Talvez um dia, ela se tornasse como o pai: um assassino frio, sem emoção. Mas em determinado momento de sua vida, sentiu que não suportava mais.

Fugiu daquele lugar onde acumulou tantas cicatrizes, levando consigo um tesouro da família.

“Quando você descobre em si uma característica única e a desenvolve a ponto de superar as habilidades tradicionais da profissão, pode se tornar uma profissional superior.”

Elsa sorriu suavemente; o vento noturno cortava sua armadura justa de couro em tons de violeta e preto como lâminas de gelo.

Cruzou as mãos envoltas em braçadeiras rígidas à frente do corpo e, no instante em que a lua cheia foi coberta pelas nuvens, Elsa desapareceu do lugar onde estava.

Aquilo não era comparável ao passo instantâneo de antes; embora estivesse ali ao lado, sob o olhar atento da jovem ladra, Elsa sumiu sem ruído, como se jamais tivesse estado ali.

No local onde ela estivera, apareceu uma flecha de madeira, que saltitou algumas vezes antes de cair ao chão.

Sem ponta de ferro, e disparada com pouca força, a flecha bateu numa pedra e ricocheteou, em vez de se cravar no solo.

A jovem ladra ergueu o olhar e viu, de cima da torre de vigia do acampamento, uma figura envolta por um manto, de postura altiva.

Do seu ângulo, essa figura alinhava-se perfeitamente com a lua no céu; devido à luz intensa, a sombra projetava-se sobre a jovem ladra, tornando a silhueta escura e indistinta.

Elsa desaparecera no instante em que a lua foi coberta pelas nuvens e o silêncio reinou absoluto.

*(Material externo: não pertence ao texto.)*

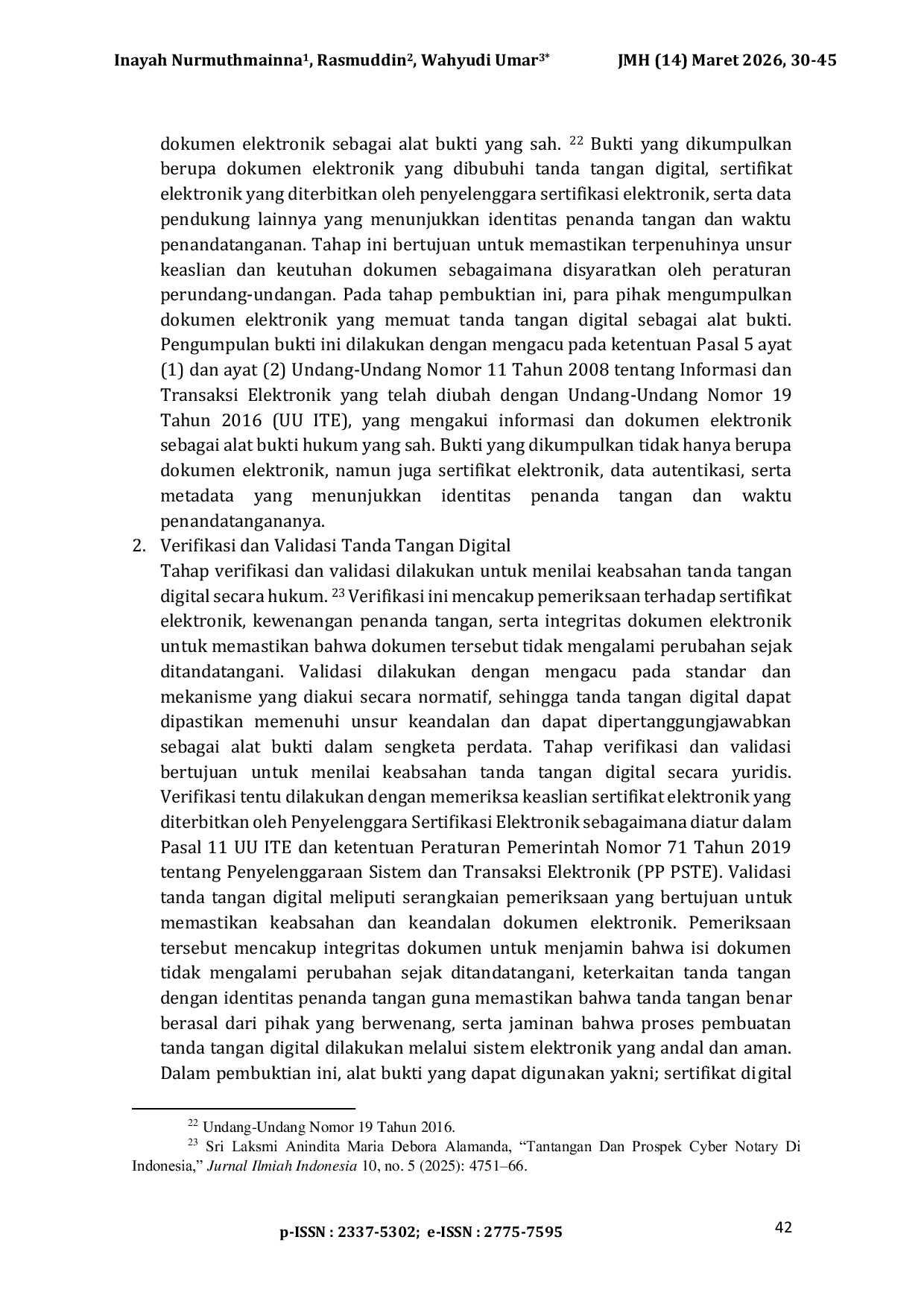 Jurnal Media HukumJurnal Media HukumPerkembangan teknologi digital telah mendorong perubahan signifikan dalam praktik pembuktian hukum perdata, khususnya terkait penggunaan tanda tangan digital dalam transaksi elektronik. Tanda tangan digital semakin banyak digunakan sebagai sarana autentikasi dan persetujuan dalam perjanjian elektronik, namun masih menimbulkan permasalahan hukum terkait kekuatan pembuktiannya dalam sengketa perdata. Penelitian ini bertujuan untuk mengkaji kekuatan pembuktian tanda tangan digital serta menganalisis pengaturan hukumnya dalam sistem hukum Indonesia. Metode penelitian yang digunakan adalah penelitian hukum normatif dengan pendekatan perundang-undangan dan pendekatan konseptual. Hasil penelitian menunjukkan bahwa tanda tangan digital memiliki kekuatan pembuktian yang sah dan mengikat sebagai alat bukti hukum sepanjang memenuhi unsur keotentikan sebagaimana diatur dalam Undang-Undang Informasi dan Transaksi Elektronik beserta peraturan pelaksananya. Meskipun demikian, dalam praktik peradilan perdata masih ditemukan kendala berupa keterbatasan pemahaman teknis aparat penegak hukum serta perbedaan penilaian hakim terhadap alat bukti elektronik. Oleh karena itu, diperlukan penguatan regulasi, peningkatan kapasitas sumber daya manusia di bidang hukum dan teknologi informasi, serta penyesuaian hukum acara perdata guna menjamin kepastian hukum dan perlindungan hukum para pihak dalam sengketa perdata di era digital.
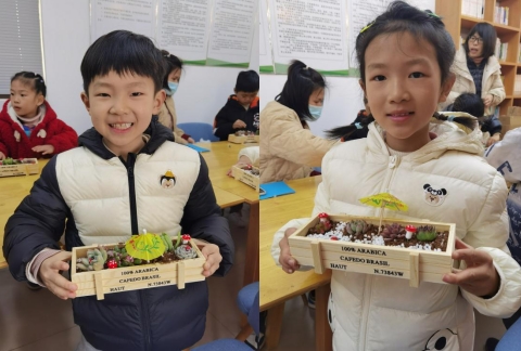 聽講完畢后,進(jìn)入了實(shí)踐環(huán)節(jié),老師逐一發(fā)放了種植多肉所需的全套工具和材料。孩子們滿心期待,躍躍欲試,迅速投入到親手種植多肉植物的世界中。他們手持小巧的園藝工具,興趣盎然地按照指導(dǎo)步驟操作,先往種植盆內(nèi)填入適當(dāng)?shù)姆N植土,再將一株株晶瑩剔透多肉小心地移入盆內(nèi),然后填土壓實(shí),最后進(jìn)行裝點(diǎn),一盆盆各具特色的多肉微景觀便在孩子們手中誕生了。老師全程鼓勵(lì)大家積極創(chuàng)新,讓每個(gè)孩子都化身為創(chuàng)意滿滿的小小花匠,親手打造屬于自己的綠色天地。

A flecha de Laísa surgiu assim que a lua voltou a brilhar por entre as nuvens.

Uma sequência quase coreografada.

A primeira flecha não visava ferir, mas declarar guerra; por isso, Laísa esperou. Contudo, ficou surpresa ao perceber que Elsa a detectara antes.

Elsa, nas sombras, e Laísa, sob o luar, ficaram frente a frente, ambas cientes de que aquele confronto seria breve, mas carregado de ressentimentos pessoais.

Restou apenas a jovem ladra, sem compreender o que se passava, parada no mesmo lugar, um tanto perdida.

Ela já tinha visto Laísa na taberna, mas agora, com o manto e no centro da luz lunar, não conseguia reconhecê-la.

Isso não lhe impedia, porém, de perceber que aquela figura silenciosa na torre era alguém cujo nível de poder ela jamais alcançaria.

E parecia que aquela mulher iria lutar com Elsa; apesar disso, não transmitia a impressão de serem inimigas mortais.

Nada disso importava, contudo; o vento frio a fazia corar, e a jovem ladra tapou a boca, receando que sua respiração ofegante, de tão emocionada, pudesse interferir naquele duelo.

Ela sabia, com clareza, que talvez nunca mais em sua vida voltasse a presenciar um combate de tal calibre.